District 1 Historic Schoolhouse, Rosita, Colorado
Both the largest and smallest historic schoolhouse was located in the center of the mining town of Rosita, Colorado, located on CR 328 (Rosita Road) seven miles southwest of Westcliffe, Colorado. The large two-story building was built on a hill just above the business district. It was to house 288 students enrolled in the district in 1881. The construction was of shingle roof and wood siding painted with whitewash.

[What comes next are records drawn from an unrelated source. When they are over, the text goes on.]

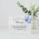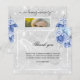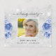 A simple and elegant sympathy thank you card with photo. A faux silver metallic looking background, a white frame, faux glitter dust, blue roses, florals and a butterfly as watermark. Personalise and add your thank you note. Black text.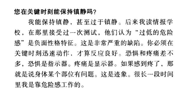 特工的一个基本素质是在危急中保持冷静。《自述》中,采访者曾问过普京,你在关键时刻能保持镇静吗?
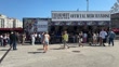 LISBON, PORTUGAL - MAY 23: Taylor Swift fans walk by official merchandising as they get ready for two concerts at the entrance of the Benfica stadium on May 23, 2024 in Lisbon, Portugal. (Footage by NAYATO LX/Getty Images)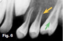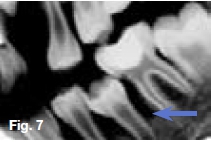 Hypovitaminosis D leads to nondeposition of calcium salt in bone matrix. Figure 5 is a lateral skull radiograph showing generalized radiolucency while figures 6 & 7 are intra-oral and bitewing radiographs of the same patient showing large pulp cavities (green arrow) and attenuation of the lamina dura and dental crypts (yellow arrow). There is also lack of mineralization of the alveolar crest bone (blue arrow). These radiological features are suggestive of Vitamin D-resistant rickets which is an isolated renal tubular defect inhibiting reabsorption of inorganic phosphates, resulting in hypophosphaturia which is inherited as an X-linked dominant trait. The full manifestation of vitamin D-resistant rickets is rickets or osteomalacia non-respondent to vitamin D therapy, as vitamin D metabolism is normal. However, there is diminished intestinal calcium and phosphate absorption. Patients with the milder form may be slightly shorter than normal siblings, with no other manifestation. Females with vitamin D resistant rickets tend to show fewer signs and symptoms than do their brothers.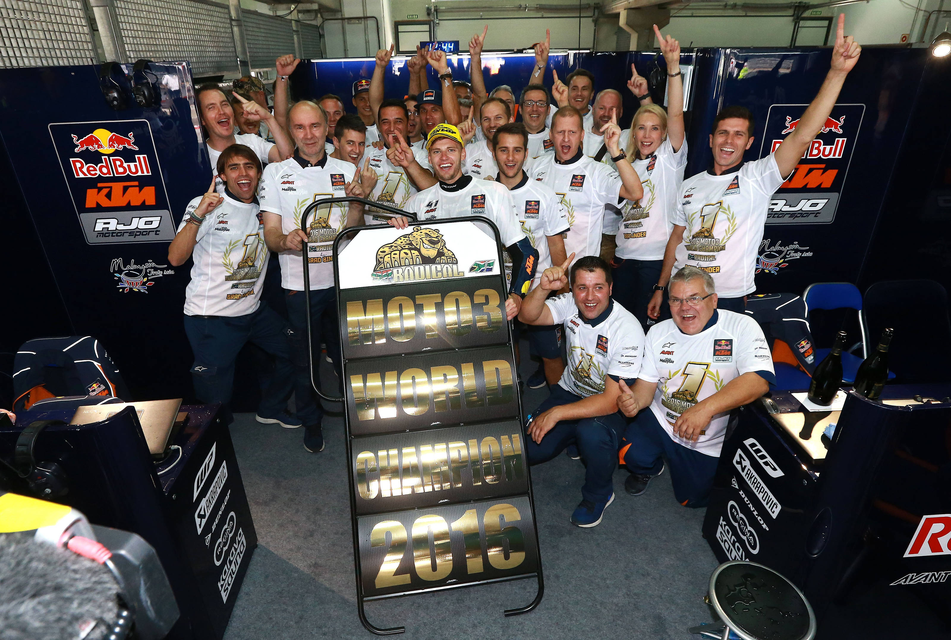 そして、2016シーズンのスペインGPでグリッド後方から素晴らしいライディングでMoto3キャリア初優勝を飾ったブラッドは、そのままさらに6勝を積み上げて同シーズンのMoto3チャンピオンに輝いた。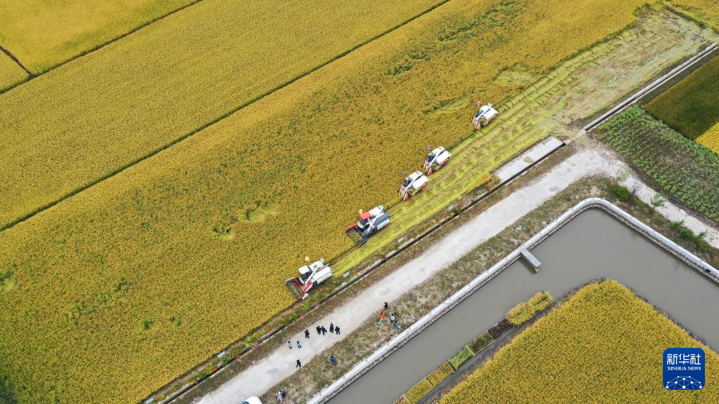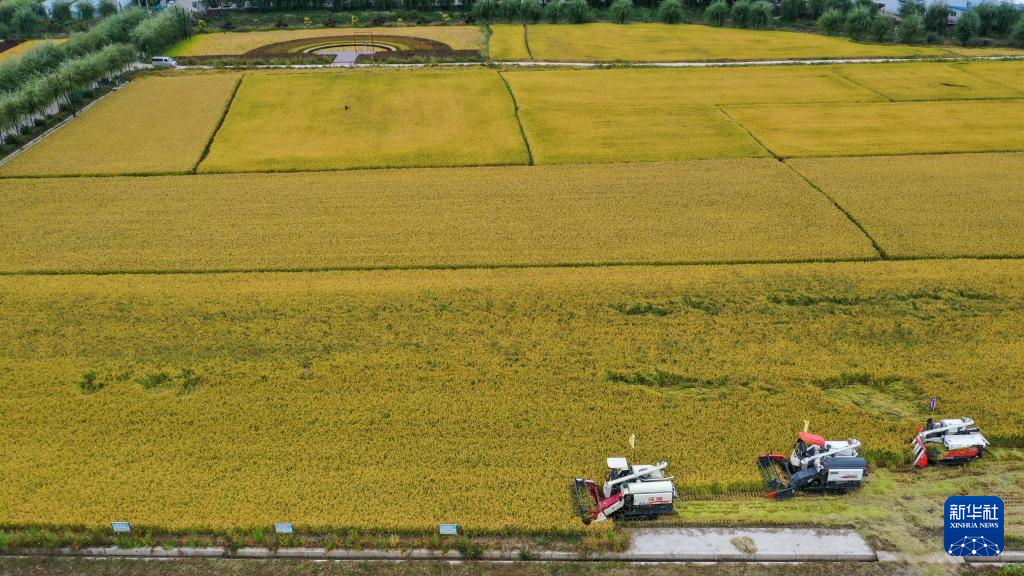 9月20日,在位于吉林省永吉县一拉溪镇的九月丰家庭农场金秋开镰仪式现场,农民驾驶农机进行水稻机械化收割展示(无人机照片)。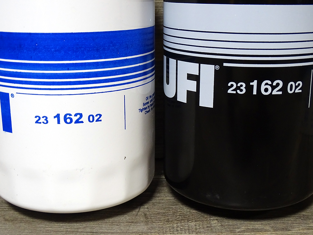 そうなんです、今回取り寄せたフェラーリ 308/328/BB などに使用されている UFI 製の白色のオイルフィルター (品番は 191993) がなぜか白色から黒色に変わっていました。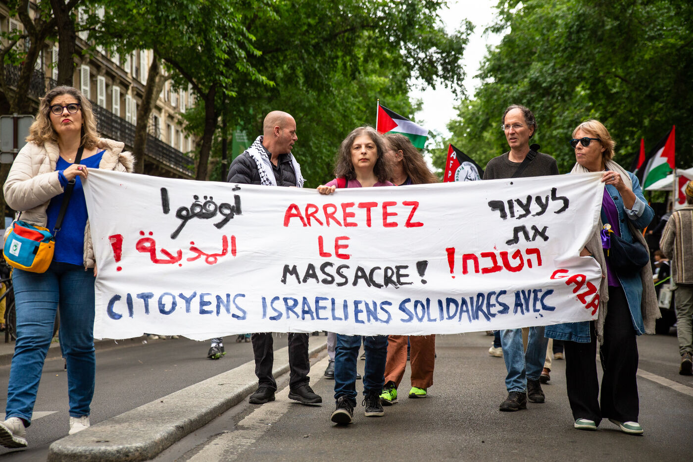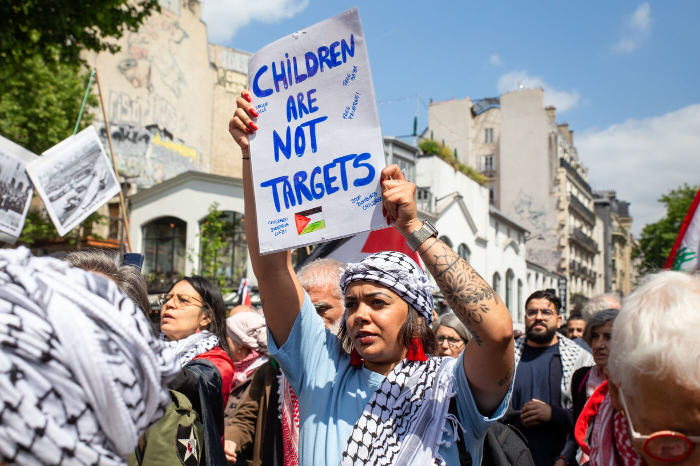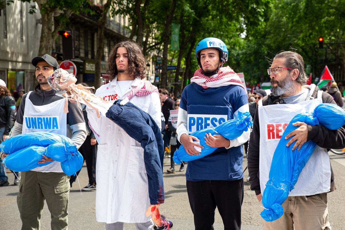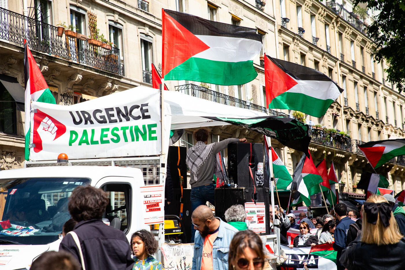 FRANCE, Paris, May 17, 2025. Demonstration in support of the Palestinian people and commemoration of the Nakba, which means “catastrophe” and refers to the Palestinian exodus following the creation of the State of Israel and the defeat of the Arab countries in the first Arab-Israeli war in 1948. A duty to remember for pro-Palestinian activists, it aims to keep Palestine in the public debate and influence diplomatic decisions, notably for the recognition of the Palestinian state.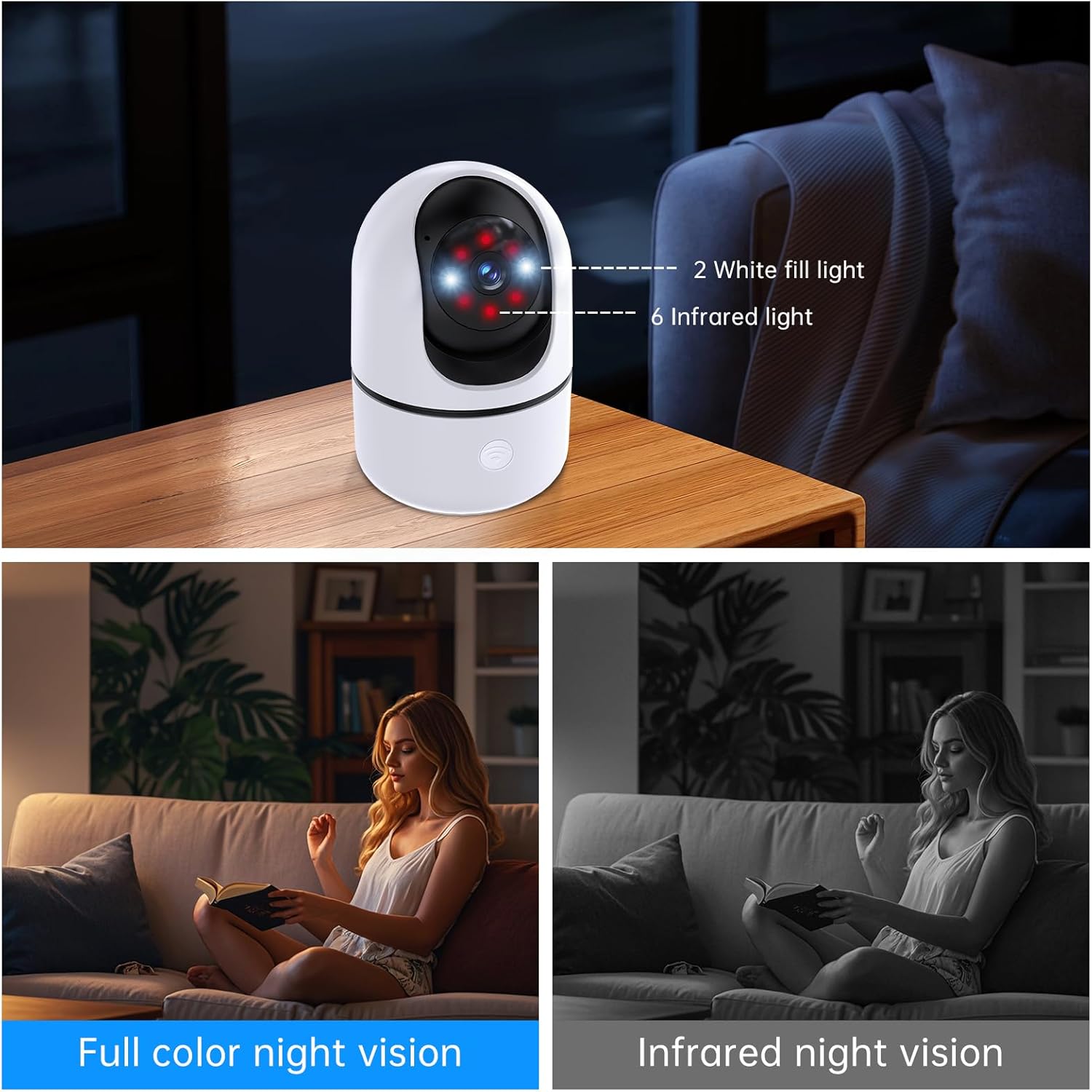 - 【2K Full-Color Night Vision】Say goodbye to blurry black-and-white images.Even in pitch-black environments, indoor security camera delivers high-definition color footage with clear details, leaving no blind spots in nighttime security. Wireless camera indoor is equipped with a built-in microphone and speaker, enabling clear two-way talk, allowing you to chat with your family clearly anytime.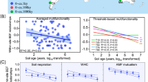 The diversity of soil bacteria and fungi was analyzed through amplicon sequencing (Illumina MiSeq). A total of 10 g of frozen soil samples were cooled using liquid nitrogen and ground using a mortar and pestle. Soil DNA (n = 435) was extracted using a DNA Isolation Kit (Powersoil, MoBio Laboratories, Carlsbad, CA, USA). A portion of the bacterial 16S and eukaryotic 18S rRNA genes were sequenced using the 515F/806R and Euk1391f/EukBr primer sets [45, 46], respectively. Analyses of bioinformatics were carried out with QIIME [47], USEARCH [48], and UNOISE3 [48]. Phylotypes (i.e., Amplicon Sequencing Variants, ASVs) were identified at the 100% identity level. The ASV abundance tables were rarefied at 5000 (bacteria via 16S rRNA gene) and 2000 (fungi via 18S rRNA gene), respectively to ensure even sampling depth. The diversity (richness) of soil bacteria and fungi was determined from rarefied ASV abundance tables. Before conducting statistical modeling, we also ensured that our choice of rarefaction level, taken to maximize the number of samples in our study, was not obscuring our results [37]. Rarefaction curves are showed in Fig. S2. Before conducting statistical modeling, we ensured that our choice of rarefaction level, taken to maximize the number of samples in our study, was not obscuring our results. Thus, using the samples with the highest sequence/sample yield, we tested for the impact of different levels of rarefaction on belowground diversity. Importantly, we found highly statistically significant correlations between the diversities and community compositions of soil bacteria (rarefied at 5000 vs. 18,000 sequences/sample) and fungi (rarefied at 2000 vs. 10,000 sequences/sample), providing evidence that our choice of rarefaction level did not affect our results or conclusions (r > 0.98; p < 0.001 in all cases). Microbial diversity data, but not PLFA results, were utilized in an earlier study aiming to study the evolution of soil microbial communities in global chronosequences [37].

A fire broke out in 1884 in the center of the business district, burning stores and homes to the ground. The fire was contained before it reached the schoolhouse and county jail next to it (seen to the left of the schoolhouse in the photo). The large school served the community for many years, but as the mines were closed and the population of the town dwindled, the large building was no longer needed to educate the children.
In 1922 the school board asked the Custer County commissioners to deed the small one-room Rosita jailhouse to them and the commissioners agreed. The bars were sawed from the window frames and curtains were hung. A blackboard was placed on the wall, then desks for the students and teacher were moved in. The District 1 school board then voted to sell the two-story building to the highest bidder who would tear it down. It is believed that the purchaser used the material to build the Harmony Community Building on Froze Creek. Later that building was moved to a lot on Hwy. 69 near Hermit Rd. to house the First Baptist Church of Westcliffe.
The little jail schoolhouse served the Rosita community for many years. The building is still standing where it was built, but today it is part of a private residence.